When Halldór Laxness arrived in Stockholm in December 1955 to receive the Nobel Prize for Literature, he was not surprisingly inundated with congratulatory telegrams. Later he described how, while getting changed for a ceremonial dinner in the city, he listened to his assistant reading the telegrams aloud. "All sorts of pillars of culture and education, in the form of institutions and societies, had got in on the act, eminent VIPs and complete nobodies sent their regards, not forgetting the horde of friends, friends of friends and casual acquaintances that a wanderer inevitably picks up over the years on his travels through many countries," Laxness commented.

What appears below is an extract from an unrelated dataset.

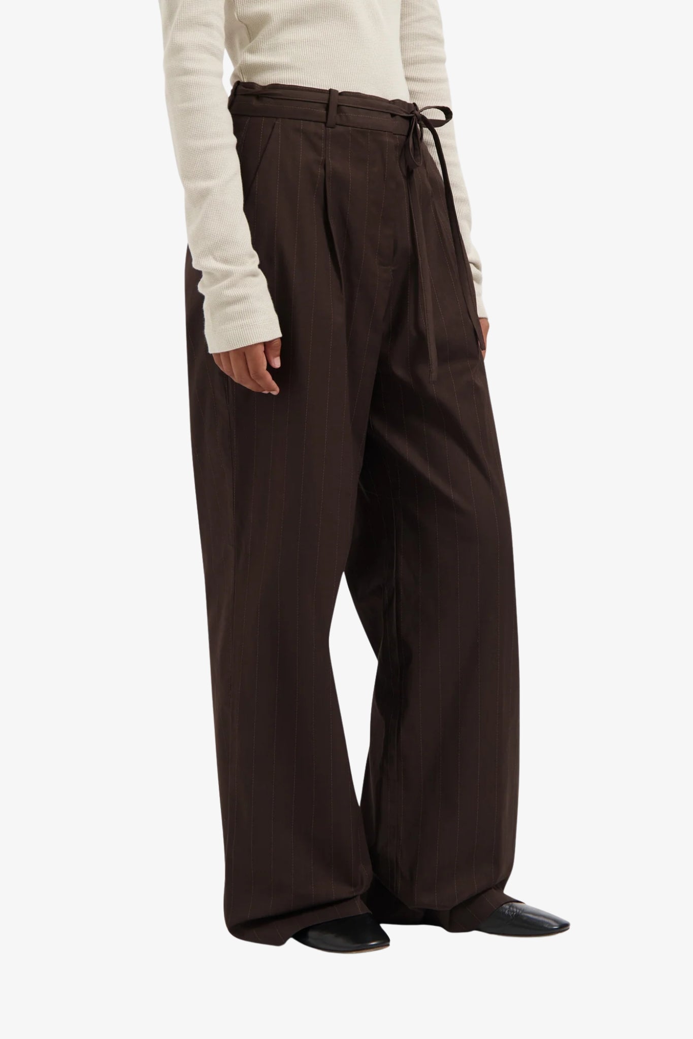 Crafted with precision, the Pinstripe Tailored Trousers offer a sleek, refined silhouette enhanced by subtle pinstripe detailing. Designed for a perfect fit, these trousers blend classic tailoring with contemporary elegance, making them an essential piece for a polished and confident look in professional and formal settings.

He wanted to be sure that he wouldn't neglect to thank anyone who deserved an immediate response. In the middle of the reading, he stopped his assistant and asked him to repeat the last telegram. "It was a hearty "lycka til" [ "congratulations"] from the Sundsvall Society of Pipe-Layers - the men who dig the sewers," explained Laxness and continued: "It was gratifying to find that the arbiters of bourgeois life counted themselves among my friends: distinguished colleagues and literary masters, national and international cultural institutions, not to mention the royal family and the banks. But what could thrill the heart like knowing oneself responsible for the fact that men who stand bent double over pipes deep in the ground, trying to get the water to flow through, should suddenly straighten their backs and climb out of their drain in the midst of the winter in Sundsvall in order to shout hurrah for literature? We came to the conclusion that if I could do any man honour with an interim expression of humble gratitude that evening, it should be none other than these men. So only one telegram was sent: To the Sundsvall Society of Pipe-layers."
This little story about Halldór Laxness gives a good indication of his attitude to life. He never forgot where his roots lay - among the common people - and always exalted them in his writing. In his Nobel acceptance speech he asked himself: "What can fame and success give to an author?" And answered: "A measure of material well-being brought about by money? Certainly. But if an Icelandic poet should forget his origin as a man of the people, if he should ever lose his sense of belonging with the humble of the earth, whom my old grandmother taught me to revere, and his duty toward them, then what is the good of fame and prosperity to him?"